Cosas de escritor (I): verosimilitud, realismo y coherencia interna


Con frecuencia leemos, en alguna crítica, que X libro, o alguna parte o escena de él, no resulta creíble, es decir, no es verosímil. Pero, ¿en qué consiste la verosimilitud? ¿A qué se alude exactamente cuando se dice que una novela no es verosímil?

Lo verosímil es aquello que tiene apariencia de verdadero, que resulta creíble por no ofrecer carácter alguno de falsedad (DRAE; la cursiva es mía). Es decir, se trata de algo que parece verdadero, no de algo que lo es. Pero resulta obvio que una aplicación rigurosa, en el terreno de la novelística, de este principio, supondría enviar a la papelera bibliotecas enteras. Así pues, ¿cómo hacer creíble una historia sin renunciar a la fantasía y creatividad connaturales al género?

Preguntado en cierta ocasión Mario Vargas Llosa acerca de por qué había decidido concluir La fiesta del chivo en el punto que lo hace, explicó que lo había hecho así porque, de entonces en adelante, la dictadura de Trujillo se volvía tan delirante que si la hubiera puesto en un libro nadie se lo hubiera creído. Almudena Grandes también comentaba con sorpresa, a propósito de su celebrada novela El corazón helado, su asombro al comprobar cómo algunos de los detalles inventados de la obra pasaban por ciertos, en tanto que hechos históricos reales y documentados, como la existencia de los Pozos de Arucas, se atribuían a su imaginación. Es decir, que la propia realidad era tan inverosímil que no resultaba apta para incluirla en un libro.

También es moneda común en nuestro idioma la expresión “la realidad supera a la ficción”, denotando la lógica idea de que, por muy ambicioso que se sea, es un intento fallido de antemano proponerse constreñir en los apretados límites de una novela, por muchas que sean sus páginas, toda la riqueza de detalles y simultaneidades que componen la realidad (dejaremos para otro momento el debate sobre qué es exactamente la realidad): por el contrario, en una novela, como en una película, no hay que contarlo todo: hay que contar lo esencial, lo que permita entender la historia (lo que no tiene que ver, necesariamente, con una extensión mayor o menor de la obra).

En este sentido, muy certeramente señalaba Torrente Ballester que compete al lector, mientras dure la operación lectora, hacer como que lo que se le cuenta en el libro es cierto.

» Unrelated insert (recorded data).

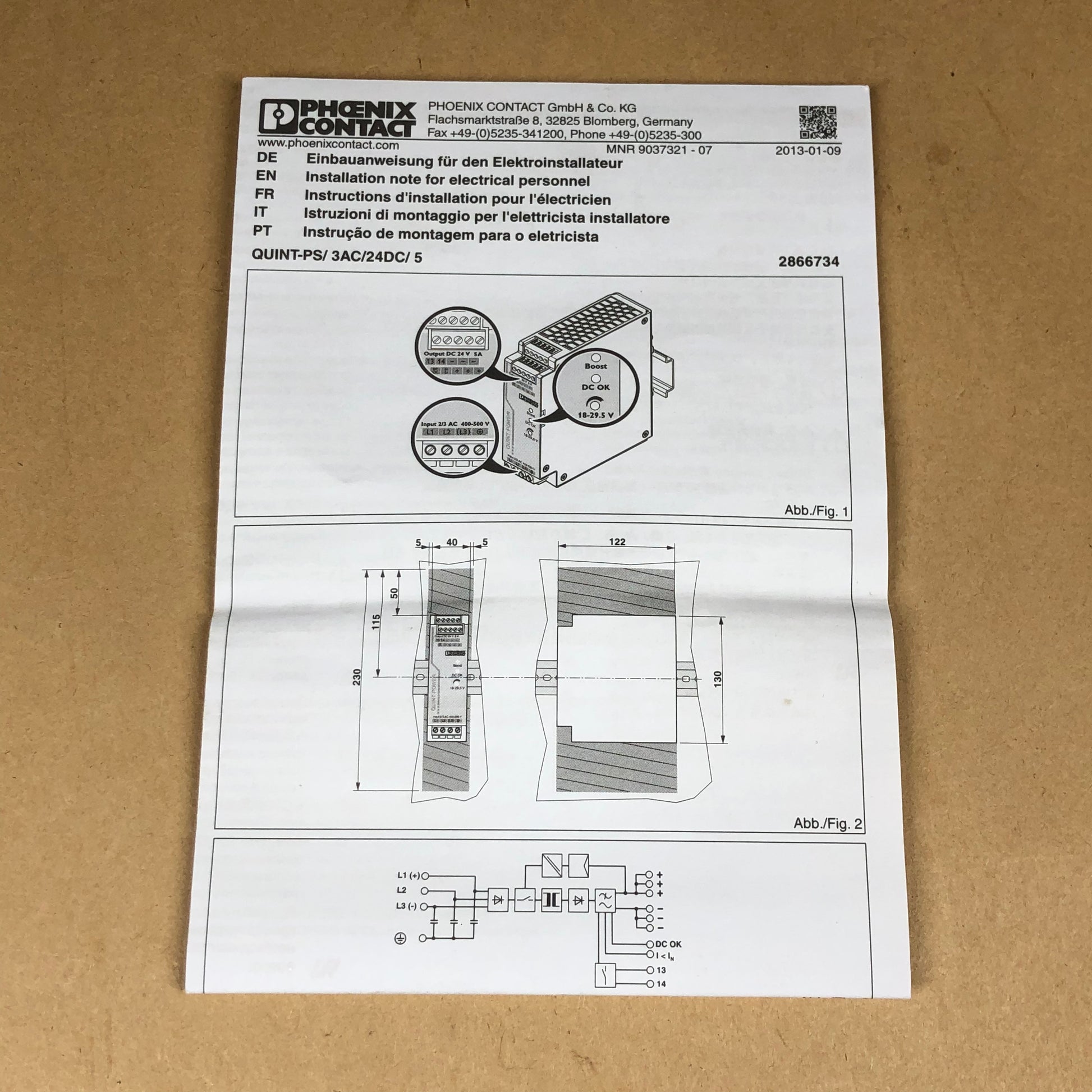 New Pheonix Contact PS/3AC/24DC/5 2866734 Primary Switched Quint Power Supply
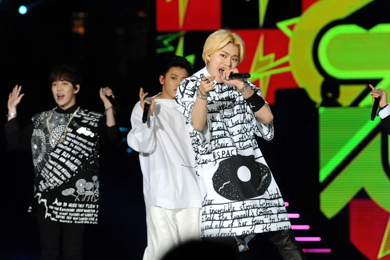 | Taemin - em út của nhóm SHINee mê hoặc fan với ca khúc Danger. Anh chàng còn táo bạo phanh áo, khiến khán giả đứng dưới càng thêm phấn khích. |
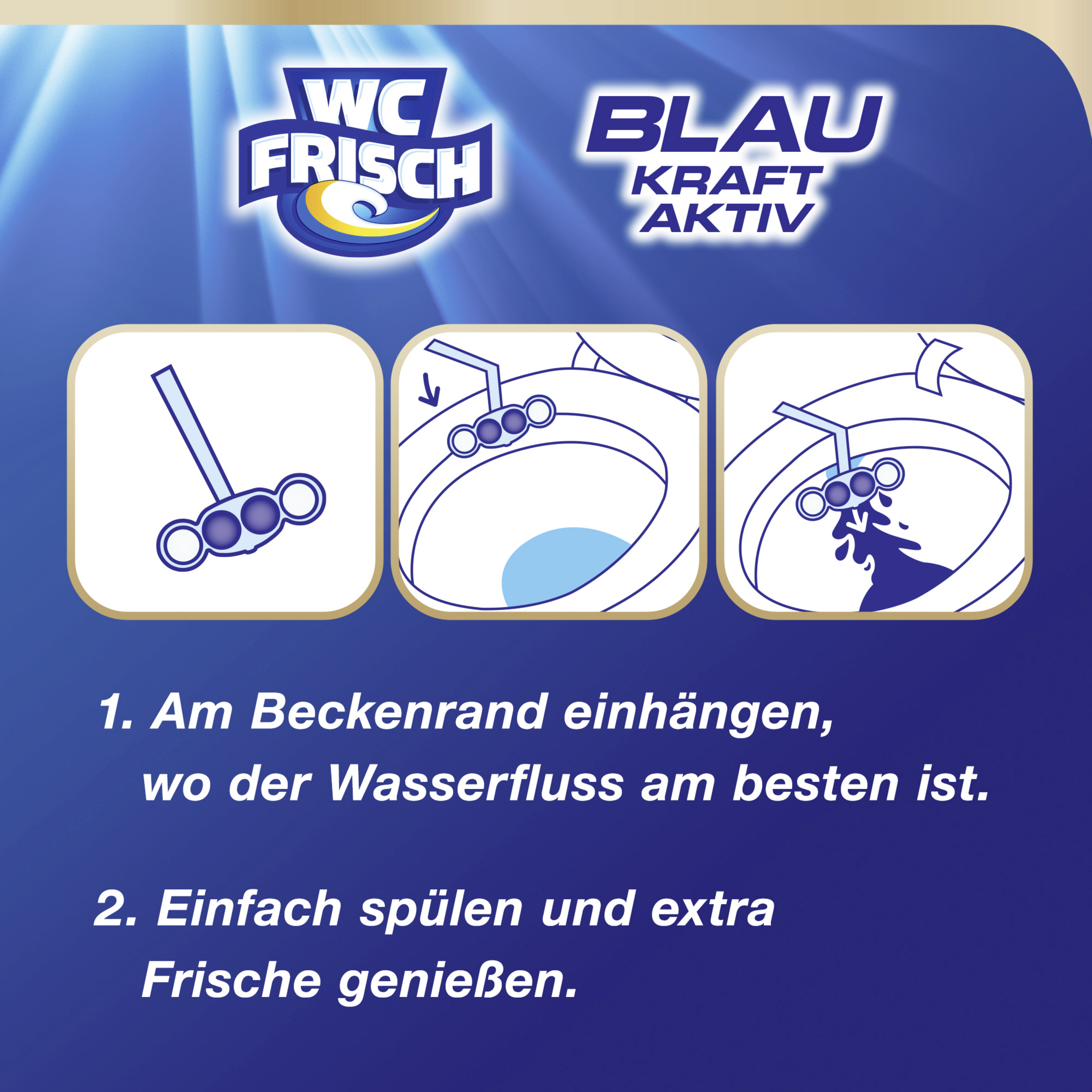 Ville det ikke være vidunderligt, hvis dit toilet altid var rent og frisk som en blå lagune? Takket være de blå vandkugler bevarer WC FRISCH Blue Power Active Rinse Aid synligt dit toilets renhed og friskhed, selv mellem skylningerne. Men hvordan? Når du skyller, opsamler kurven med Blue Power Active Rinse Aid vandet, tilsætter aktive ingredienser og frigiver det i slutningen af skylningen. Beviset herpå er det blåtfarvede vand, der bliver tilbage i dit toilet: For den bedste renhed og friskhed selv mellem skylningerne!
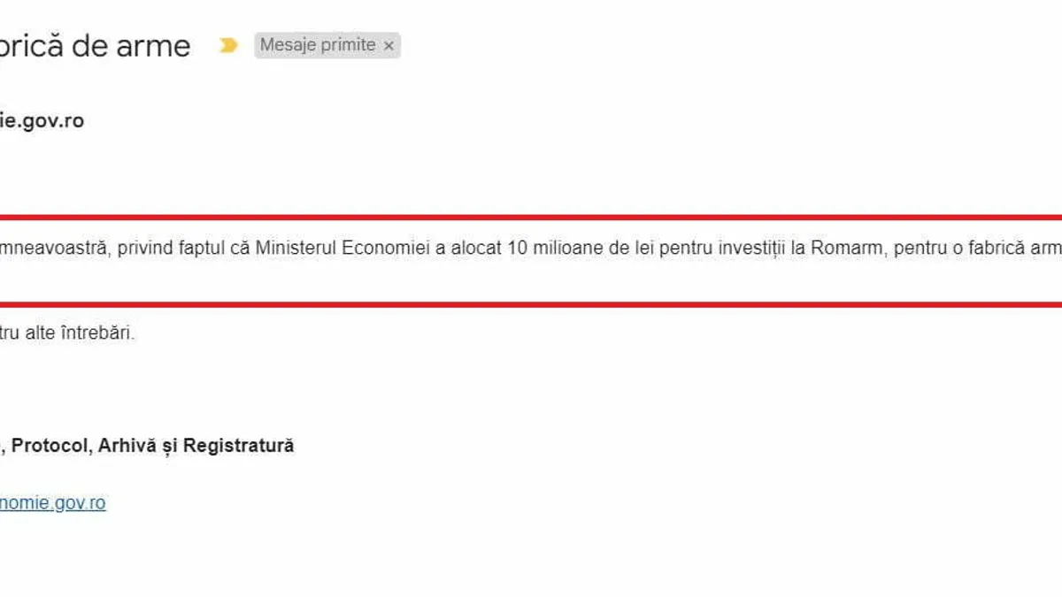 La începutul lunii august a.c., Defapt.ro a solicitat ministrului Florin Spătaru să spună dacă ministerul pe care îl conduce a alocat cele zece milioane de lei către Romarm. Răspunsul a venit prin Biroul de Presă care a transmis următoarele: „referitor la întrebarea dumneavoastră, privind faptul că Ministerul Economiei a alocat 10 milioane de lei pentru investiții la Romarm, pentru o fabrică arme Beretta, vă confirmăm această informație”. Răspunsul a fost confirmat și de Gabriel Țuțu, directorul companiei Romarm.
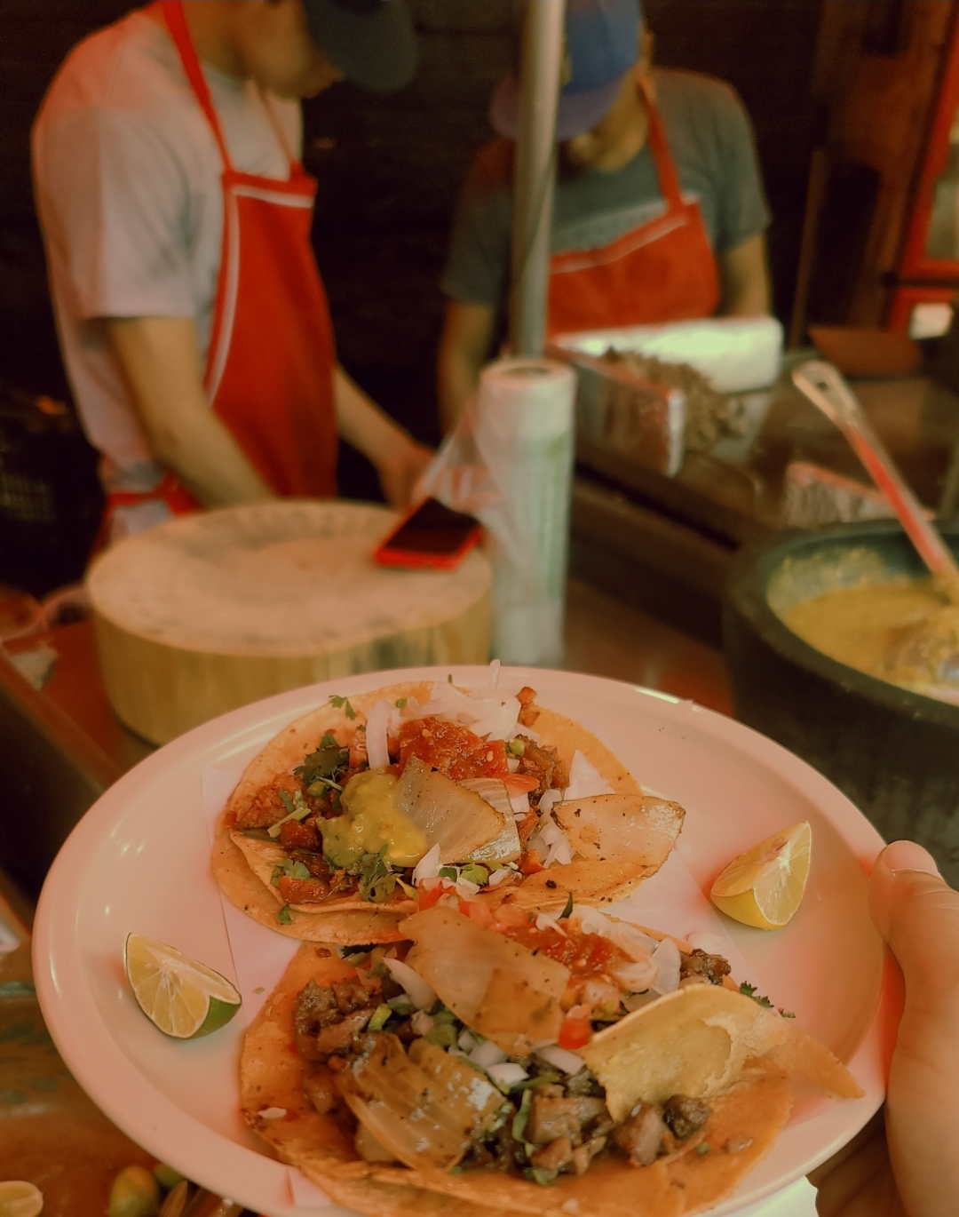넷플릭스 타코연대기나 백종원의 스트리트 푸드파이터 등에 소개된 집도 먹을만 하지만 오늘 먹은 길거리 따꼬는 정말 최고네요. 특히 Log Amigos (친구들) 이라는 노점의 수아데로 (부드러운 고기) 따꼬는 압권!⁣

Hecha esta asunción, el preciso mecanismo de relojería que son las buenas novelas funcionará sin problema alguno. La observación de este maestro de las palabras es muy aguda, al poner el acento no sobre el autor, sino sobre el lector: el lector es parte activa en la creación de la historia, un re-creador, un co-creador, no un mero receptor pasivo. Por eso un mismo libro, leído por diez personas distintas, suscita diez distintas opiniones, y diez distintos sentimientos. Al lector, por tanto, no hay que tratarle con paternalismo, ni darle explicaciones sobre lo que por sí mismo puede colegir, sino únicamente indicarle las líneas maestras de la historia narrada (esto, huelga decirlo, no excluye que se pueda jugar con él, conduciéndole deliberadamente a callejones sin salida: los famosos “giros inesperados”): el resto le compete a él, como válido y capaz hermeneuta de las páginas que tiene delante.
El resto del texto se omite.